§ **Assigned task**: Both the line below containing "The high concentration" and the line containing "- Trampoline Style: Outdoor, Indoor, Safety", along with every line between them, should be repeated exactly; no other line belongs in the answer.

Start of Data provided

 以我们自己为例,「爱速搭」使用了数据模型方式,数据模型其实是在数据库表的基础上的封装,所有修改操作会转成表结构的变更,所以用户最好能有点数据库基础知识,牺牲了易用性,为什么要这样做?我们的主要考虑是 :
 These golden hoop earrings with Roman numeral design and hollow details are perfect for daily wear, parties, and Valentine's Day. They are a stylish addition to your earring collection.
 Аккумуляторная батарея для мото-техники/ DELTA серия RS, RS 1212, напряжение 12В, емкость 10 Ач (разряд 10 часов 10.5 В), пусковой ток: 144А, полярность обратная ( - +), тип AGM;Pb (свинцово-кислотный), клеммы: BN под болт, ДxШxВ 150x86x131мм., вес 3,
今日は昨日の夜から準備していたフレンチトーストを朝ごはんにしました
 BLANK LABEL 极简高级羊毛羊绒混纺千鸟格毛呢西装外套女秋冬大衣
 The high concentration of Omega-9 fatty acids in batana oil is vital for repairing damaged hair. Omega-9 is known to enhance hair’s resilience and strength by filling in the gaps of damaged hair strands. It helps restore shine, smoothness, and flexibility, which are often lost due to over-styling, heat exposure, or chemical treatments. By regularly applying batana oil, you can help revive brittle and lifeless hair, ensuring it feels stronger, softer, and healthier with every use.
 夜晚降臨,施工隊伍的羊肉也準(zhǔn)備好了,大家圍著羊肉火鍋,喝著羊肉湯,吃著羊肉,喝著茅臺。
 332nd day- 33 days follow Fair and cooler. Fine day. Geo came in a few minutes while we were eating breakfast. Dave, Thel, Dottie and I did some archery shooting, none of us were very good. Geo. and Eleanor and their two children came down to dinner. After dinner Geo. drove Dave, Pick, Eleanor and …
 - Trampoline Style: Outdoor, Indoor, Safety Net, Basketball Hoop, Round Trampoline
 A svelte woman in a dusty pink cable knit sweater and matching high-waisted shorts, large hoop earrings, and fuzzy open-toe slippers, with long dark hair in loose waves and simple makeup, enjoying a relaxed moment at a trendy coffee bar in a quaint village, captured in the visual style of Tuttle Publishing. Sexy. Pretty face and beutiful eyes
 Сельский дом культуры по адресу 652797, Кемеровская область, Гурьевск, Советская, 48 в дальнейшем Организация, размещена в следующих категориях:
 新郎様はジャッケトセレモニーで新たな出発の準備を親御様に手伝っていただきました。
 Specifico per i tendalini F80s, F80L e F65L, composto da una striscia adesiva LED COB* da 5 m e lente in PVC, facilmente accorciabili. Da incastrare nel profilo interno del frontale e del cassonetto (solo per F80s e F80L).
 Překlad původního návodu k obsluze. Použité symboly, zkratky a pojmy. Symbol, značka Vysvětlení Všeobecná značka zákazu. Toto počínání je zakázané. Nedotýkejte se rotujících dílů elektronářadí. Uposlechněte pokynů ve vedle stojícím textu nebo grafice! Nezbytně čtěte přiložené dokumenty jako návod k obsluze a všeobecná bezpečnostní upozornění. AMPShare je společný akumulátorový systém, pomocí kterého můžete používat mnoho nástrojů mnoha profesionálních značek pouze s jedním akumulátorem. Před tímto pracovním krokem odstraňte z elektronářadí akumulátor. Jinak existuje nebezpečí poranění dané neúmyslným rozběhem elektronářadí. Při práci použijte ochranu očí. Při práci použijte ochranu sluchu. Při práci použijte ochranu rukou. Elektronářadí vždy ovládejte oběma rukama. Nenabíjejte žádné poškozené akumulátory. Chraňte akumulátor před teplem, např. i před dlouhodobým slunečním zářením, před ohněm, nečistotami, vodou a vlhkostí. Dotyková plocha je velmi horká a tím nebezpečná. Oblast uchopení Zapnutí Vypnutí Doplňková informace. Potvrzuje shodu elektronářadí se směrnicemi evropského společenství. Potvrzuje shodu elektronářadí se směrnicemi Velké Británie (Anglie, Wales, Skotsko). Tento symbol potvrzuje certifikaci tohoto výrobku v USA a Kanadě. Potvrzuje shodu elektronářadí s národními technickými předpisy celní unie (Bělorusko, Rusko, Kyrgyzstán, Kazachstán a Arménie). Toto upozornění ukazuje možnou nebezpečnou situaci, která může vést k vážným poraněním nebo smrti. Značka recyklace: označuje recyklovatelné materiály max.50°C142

End of Data provided

§ **Exercise answer**:
 The high concentration of Omega-9 fatty acids in batana oil is vital for repairing damaged hair. Omega-9 is known to enhance hair’s resilience and strength by filling in the gaps of damaged hair strands. It helps restore shine, smoothness, and flexibility, which are often lost due to over-styling, heat exposure, or chemical treatments. By regularly applying batana oil, you can help revive brittle and lifeless hair, ensuring it feels stronger, softer, and healthier with every use.
 夜晚降臨,施工隊伍的羊肉也準(zhǔn)備好了,大家圍著羊肉火鍋,喝著羊肉湯,吃著羊肉,喝著茅臺。
 332nd day- 33 days follow Fair and cooler. Fine day. Geo came in a few minutes while we were eating breakfast. Dave, Thel, Dottie and I did some archery shooting, none of us were very good. Geo. and Eleanor and their two children came down to dinner. After dinner Geo. drove Dave, Pick, Eleanor and …
 - Trampoline Style: Outdoor, Indoor, Safety Net, Basketball Hoop, Round Trampoline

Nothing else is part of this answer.